White House Expected to Bend to China Threat of 'Severe Consequences,' Veto Bill

Liu Xia, wife of 2010 Nobel Peace Prize winner Liu Xiaobo, shows a photo with her husband during house arrest in Beijing, China, on Dec. 6, 2012. (AP Photo/Ng Han Guan)

China warned of “severe consequences” if a Senate bill renaming the street in front of the Chinese Embassy after a famous dissident becomes law.

Accordingly, President Obama is expected to acquiesce to the PRC and veto the bill — which would name the street after Liu Xiaobo, who was awarded the Nobel Peace Prize the year after Obama won it.


A bill by Rep. Mark Meadows (R-N.C.) to call the area between the intersections of International Drive Northwest and Van Ness Street Northwest and International Drive Northwest and International Place Northwest in Washington “Liu Xiaobo Plaza” is currently in the House Oversight and Government Reform Committee. The Senate version, introduced by Sen.

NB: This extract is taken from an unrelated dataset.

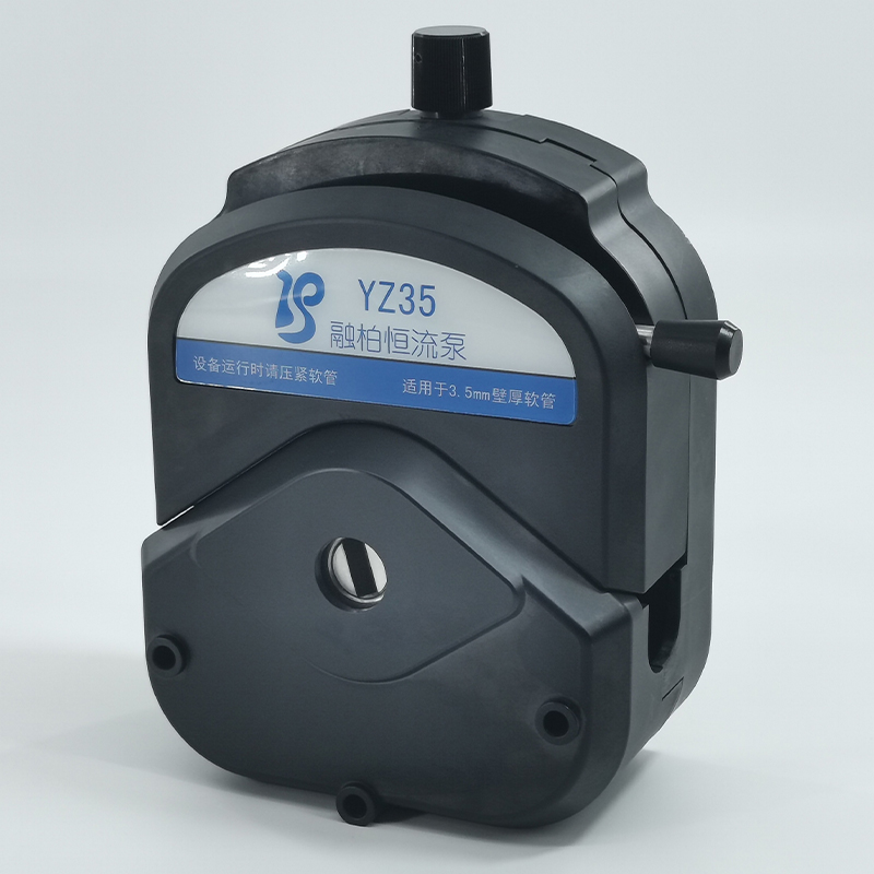 YZ35泵頭的參考流量范圍740-12000(ml/min) 轉(zhuǎn)速范圍60-600(rpm),適用73#82#軟管,滾輪數(shù)3
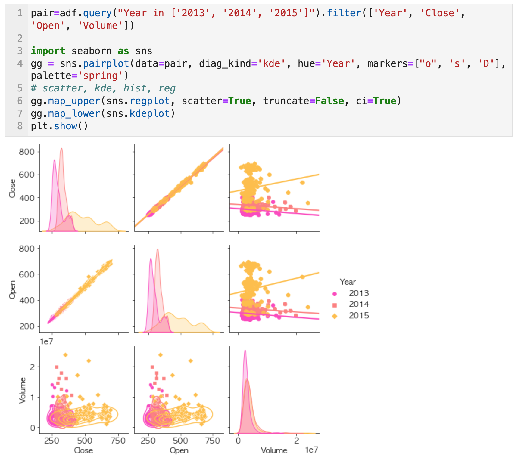 페어플롯으로 각 변수간의 관계도를 한눈에 확인할 수 있다. 아래 만든 페어플롯의 경우 대각선에는 해당 변수의 KDE 그래프(diag_kind='kde')를 나타내고, 위에는 regplot, 아래에는 contour plot을 그렸다.

Ted Cruz (R-Texas) and co-sponsored by Sens. Marco Rubio (R-Fla.) and Pat Toomey (R-Pa.), passed by voice vote last week.

Foreign Ministry Spokesperson Hong Lei told reporters Tuesday that the bill “violates the basic norms of international relations.”

“China firmly opposes that. If this bill is passed into law, it would cause severe consequences,” Hong said. “We urge the US Congress to stop the approval procedure of the bill. We also hope that the US administration can put an end to this political farce.”

The State Department was quick to reassure China while insisting they “continue to impress upon China the imperative of respecting human rights and releasing Liu Xiaobo as well as other political prisoners, obviously.”

But, spokesman Mark Toner said, the administration believes the bill isn’t “a very effective way to achieve either goal.”


“We view this kind of legislative action as something that only complicates our efforts, so we oppose this approach,” Toner said. “It’s our desire to work more productively and cooperatively with Congress on ways to address our shared goal of improving human rights in China.”

Asked if President Obama will veto the bill, Toner replied, “I think the White House has indicated that, yes.”

Liu was sentenced to 11 years in prison in 2009 for co-authoring Charter 08, a proposal to protect human rights and introduce democratic reforms. His wife, Liu Xia, has been under house arrest since he was awarded the Nobel in 2010.

On the fifth anniversary of Liu’s detention this past December, Rep. Chris Smith (R-N.J.) gathered Chinese human rights leaders together on the Hill, keeping a chair empty for Liu like there was in Oslo during the Nobel ceremony.

“China is in a race to the bottom with North Korea for the title of world’s worst violators of human rights,” said Smith, chairman of the U.S. Congressional-Executive Commission on China (CECC). “The hope that an economically prosperous and ‘rising China’ would embrace political reform and human rights has been destroyed. It is time for a new approach.”


“That the president, a fellow Nobel Laureate, has been reluctant to raise these cases in public — and link them to better U.S.-China relations — is certainly perceived as weakness by China’s leaders,” Smith added.

In advance of last year’s visit by President Xi Jinping, Smith and Rubio, who co-chairs the commission, led a #FreeChinaHeroes campaign.

“These cases are not mere statistics, rather they are professors and pastors, writers and lawyers whose ‘offenses’ are varied but whose plight is shared. While recognizing the broad scope of U.S-China bilateral relations, it is simply unconscionable for President Xi to get a pass on human rights,” Rubio said then. “We have an obligation to speak truth to power and demand their immediate and unconditional release.”